_Source material_:

────────────────

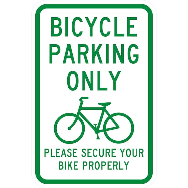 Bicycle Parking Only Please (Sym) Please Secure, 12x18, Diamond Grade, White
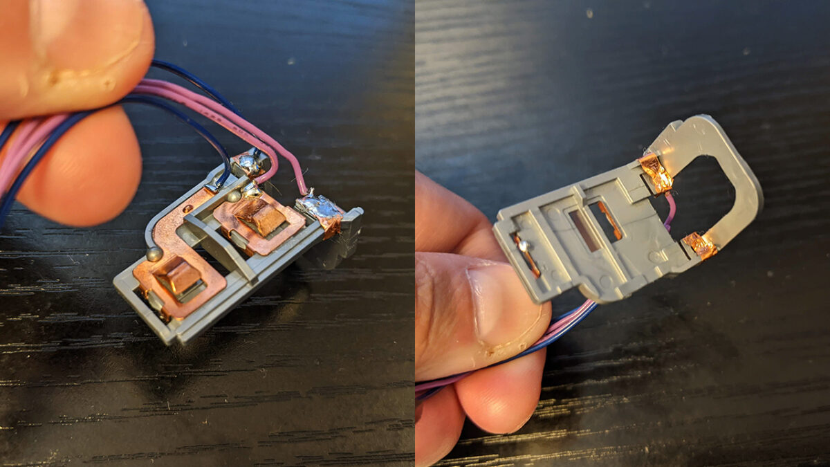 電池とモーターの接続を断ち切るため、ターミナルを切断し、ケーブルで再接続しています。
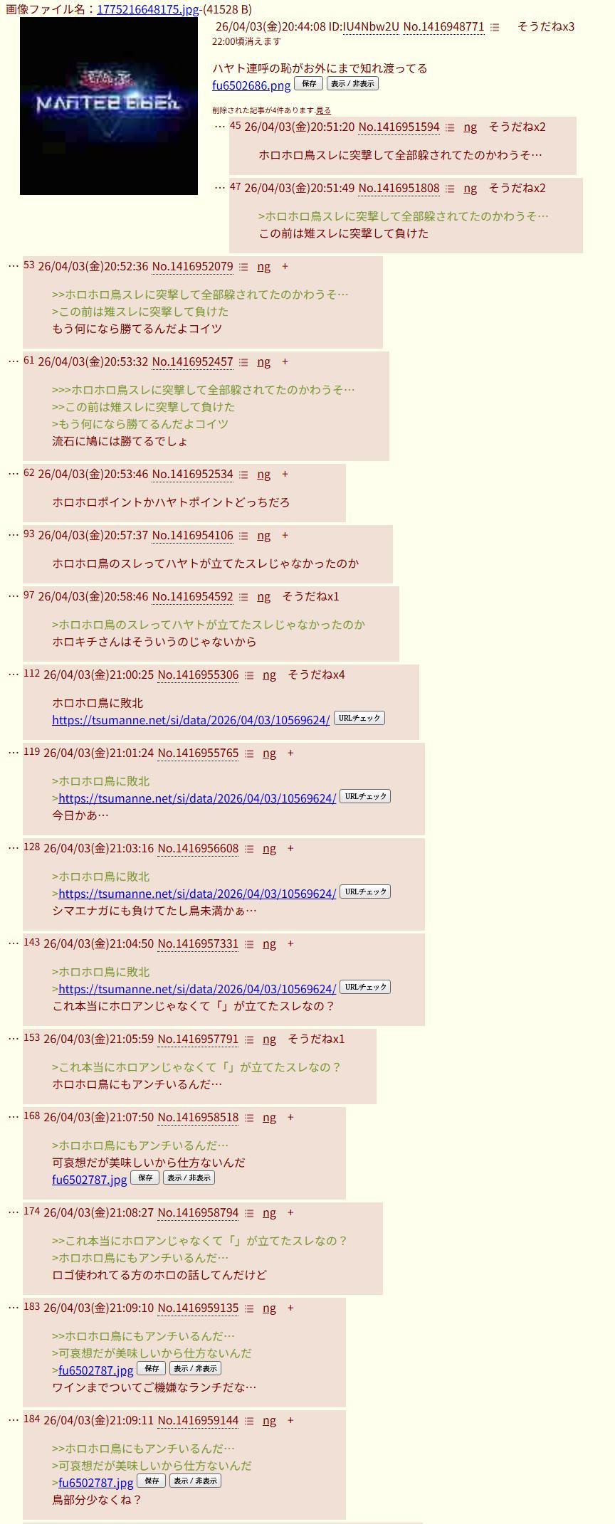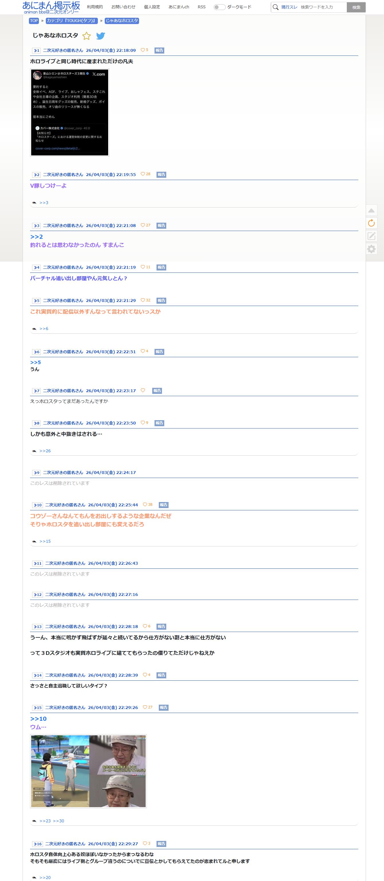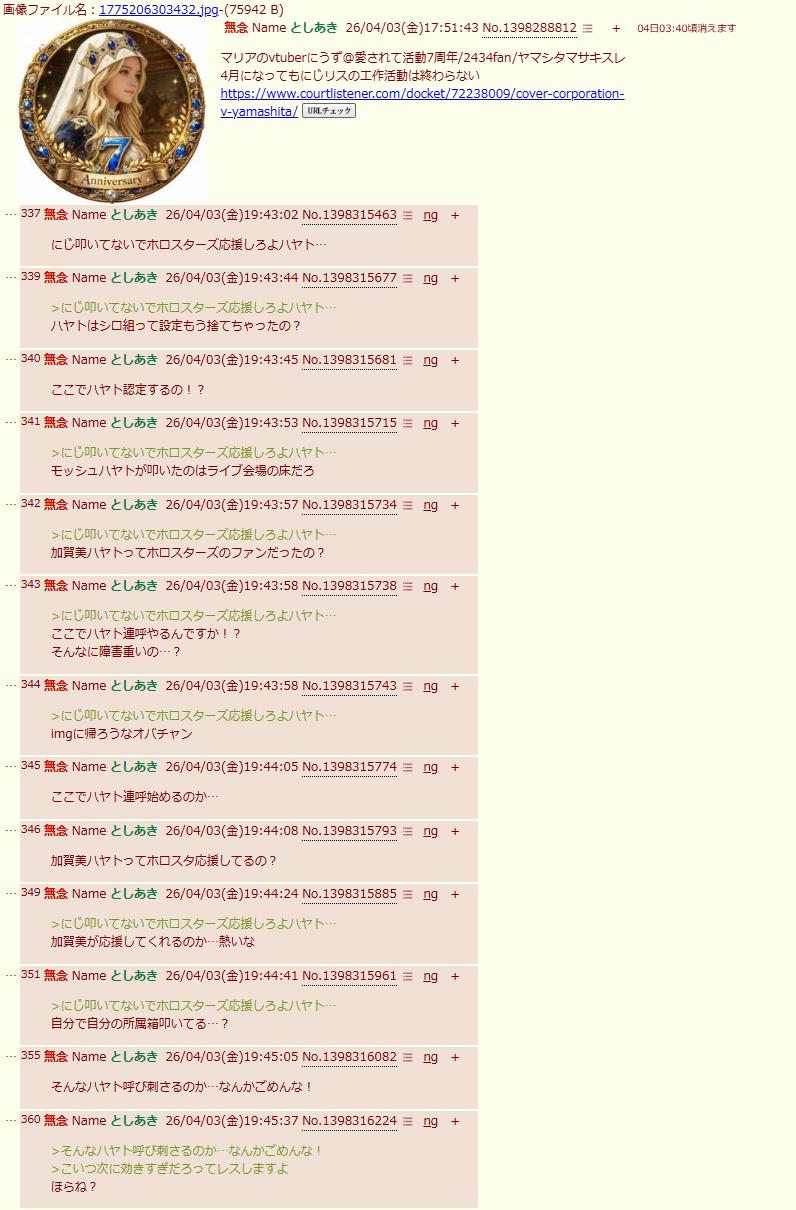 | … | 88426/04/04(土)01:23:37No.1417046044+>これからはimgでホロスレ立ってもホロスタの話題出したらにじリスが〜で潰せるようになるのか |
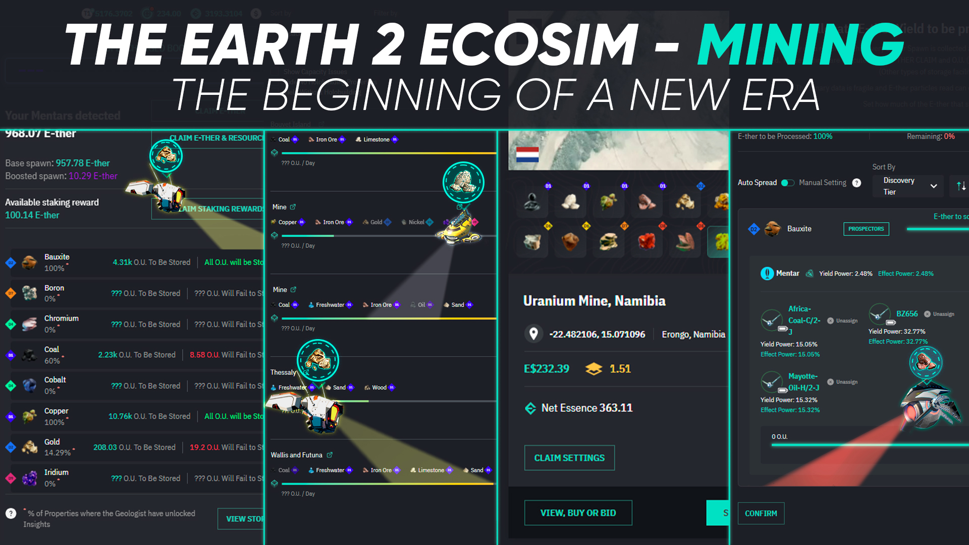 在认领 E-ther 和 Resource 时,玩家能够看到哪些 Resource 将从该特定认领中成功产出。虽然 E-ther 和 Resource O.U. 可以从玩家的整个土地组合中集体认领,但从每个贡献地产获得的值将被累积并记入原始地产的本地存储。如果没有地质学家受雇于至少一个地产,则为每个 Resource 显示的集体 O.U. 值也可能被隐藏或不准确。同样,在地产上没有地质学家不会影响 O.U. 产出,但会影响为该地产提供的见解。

────────────────

_Directions_:
Could the lines above be copied out exactly, with no image carried over?

_Answer for the task_:
 Bicycle Parking Only Please (Sym) Please Secure, 12x18, Diamond Grade, White
 電池とモーターの接続を断ち切るため、ターミナルを切断し、ケーブルで再接続しています。
 | … | 88426/04/04(土)01:23:37No.1417046044+>これからはimgでホロスレ立ってもホロスタの話題出したらにじリスが〜で潰せるようになるのか |
 在认领 E-ther 和 Resource 时,玩家能够看到哪些 Resource 将从该特定认领中成功产出。虽然 E-ther 和 Resource O.U. 可以从玩家的整个土地组合中集体认领,但从每个贡献地产获得的值将被累积并记入原始地产的本地存储。如果没有地质学家受雇于至少一个地产,则为每个 Resource 显示的集体 O.U. 值也可能被隐藏或不准确。同样,在地产上没有地质学家不会影响 O.U. 产出,但会影响为该地产提供的见解。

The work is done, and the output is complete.